# Learning From the Natives



## Nomadic Wolf (Apr 15, 2017)

I want to backpack, hitchhike, train hop, and nomad my way across the country. Nonetheless, I must give need to the original fuel behind my drive, which was the quest for knowledge regarding wilderness survival and self-reliance. With this in mind, I turn to the natives of north America. Who better to learn from than them? The only problem is that I have no idea where to look, who to go to, or what it will cost in monetary terms.

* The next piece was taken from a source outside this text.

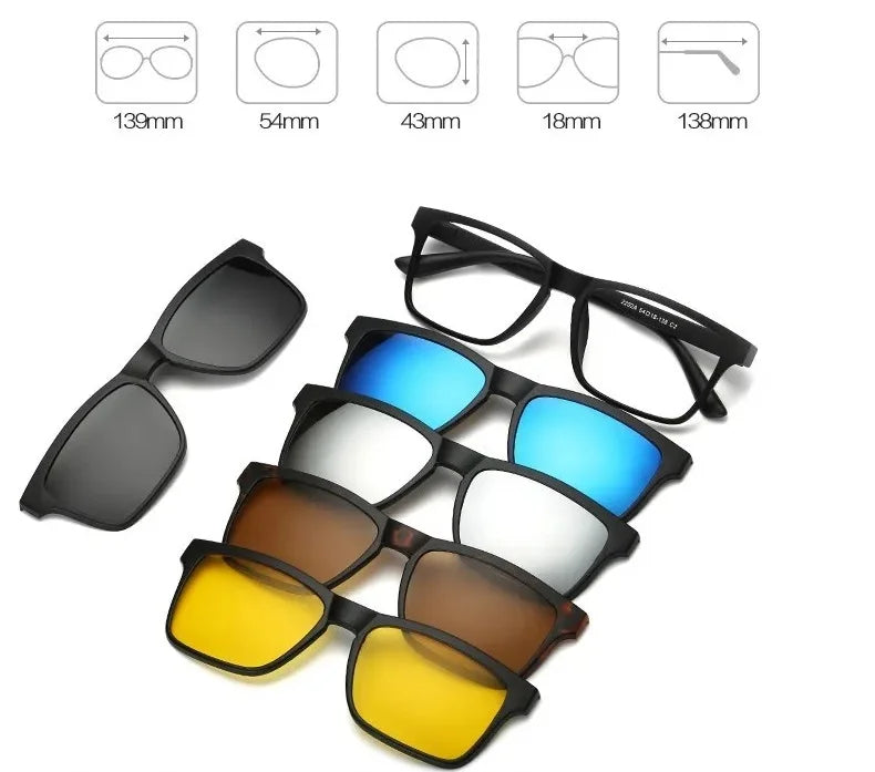 Square Model 1 - 6 in 1 Magnet Clip on Sunglasses

Does anyone know where I could go to learn from native Americans in the continental US (as inexpensively as possible)?


----------



## marmar (May 16, 2017)

Nomadic Wolf said:


> I want to backpack, hitchhike, train hop, and nomad my way across the country. Nonetheless, I must give need to the original fuel behind my drive, which was the quest for knowledge regarding wilderness survival and self-reliance. With this in mind, I turn to the natives of north America. Who better to learn from than them? The only problem is that I have no idea where to look, who to go to, or what it will cost in monetary terms.
> 
> Does anyone know where I could go to learn from native Americans in the continental US (as inexpensively as possible)?

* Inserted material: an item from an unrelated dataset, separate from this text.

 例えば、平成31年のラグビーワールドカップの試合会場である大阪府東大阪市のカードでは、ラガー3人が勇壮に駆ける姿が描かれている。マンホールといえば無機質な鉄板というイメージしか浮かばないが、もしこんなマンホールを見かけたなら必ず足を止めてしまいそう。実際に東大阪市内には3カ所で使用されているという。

I'm afraid the natives that could teach you wilderness survival have being long gone, like you are a couple hundred years late really. The reservations, I'm not an expert, but I think there are different amount of misery drug addiction etc depending on the area. The ones that do well-ish, dont normally keep their houses open for white strangers,just like any other population.
I'd advice to read books on wilderness survival instead


----------